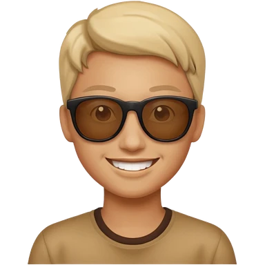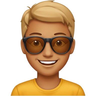 A 25 years old character that started a start-up company. He is joyful, with a small beard, trustworthy, smart, loving, with glasses, wearing a green t-shirt and brown pants. emoji
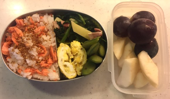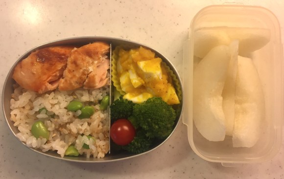 A few days ago, I mentioned about the bright colours I tend to use in my daughter’s bento, which I naturally inherited from my mum. I kept thinking why my mum’s bento involved so many vivid colours, especially considering her strong preference on subtle, understated hues when it comes to her clothing (which I also naturally inherited). Thinking back, I’ve never seen her wearing bright red, yellow or green that we both use in our bento’s.
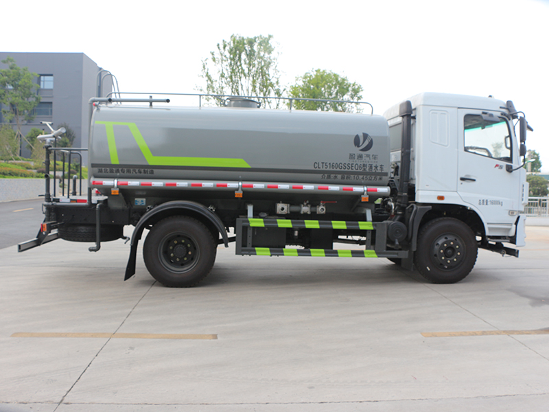 標(biāo)準(zhǔn)配置灑水車主要裝備有:前沖(沖洗公路路面)、后灑(公路路面養(yǎng)護(hù))、側(cè)噴、高位側(cè)花灑(路邊綠化帶優(yōu)化);后工作平臺(tái)高壓水炮,可調(diào)節(jié)成柱狀,射程≥28m;也可調(diào)節(jié)成霧狀,射程≥30米,水泵自吸高度:≤7m,灑水寬度:≥15m。側(cè)防護(hù)網(wǎng),自流閥,消防接頭。灑水車水泵為常壓水泵,功能可以抽水、排水。另外根據(jù)用戶要求,可加消防泵、噴霧機(jī)、農(nóng)藥卷盤、農(nóng)藥柱塞泵。罐內(nèi)可以做防腐防銹、電磁閥氣動(dòng)閥自動(dòng)放水等****,以滿足不同用戶需求。
━━━━━━
◆ What you will do:
Every line from the one bearing "A few days ago, I" through the end of the data above must be output exactly, and no picture may appear.

◆ Exercise result:
 A few days ago, I mentioned about the bright colours I tend to use in my daughter’s bento, which I naturally inherited from my mum. I kept thinking why my mum’s bento involved so many vivid colours, especially considering her strong preference on subtle, understated hues when it comes to her clothing (which I also naturally inherited). Thinking back, I’ve never seen her wearing bright red, yellow or green that we both use in our bento’s.
 標(biāo)準(zhǔn)配置灑水車主要裝備有:前沖(沖洗公路路面)、后灑(公路路面養(yǎng)護(hù))、側(cè)噴、高位側(cè)花灑(路邊綠化帶優(yōu)化);后工作平臺(tái)高壓水炮,可調(diào)節(jié)成柱狀,射程≥28m;也可調(diào)節(jié)成霧狀,射程≥30米,水泵自吸高度:≤7m,灑水寬度:≥15m。側(cè)防護(hù)網(wǎng),自流閥,消防接頭。灑水車水泵為常壓水泵,功能可以抽水、排水。另外根據(jù)用戶要求,可加消防泵、噴霧機(jī)、農(nóng)藥卷盤、農(nóng)藥柱塞泵。罐內(nèi)可以做防腐防銹、電磁閥氣動(dòng)閥自動(dòng)放水等****,以滿足不同用戶需求。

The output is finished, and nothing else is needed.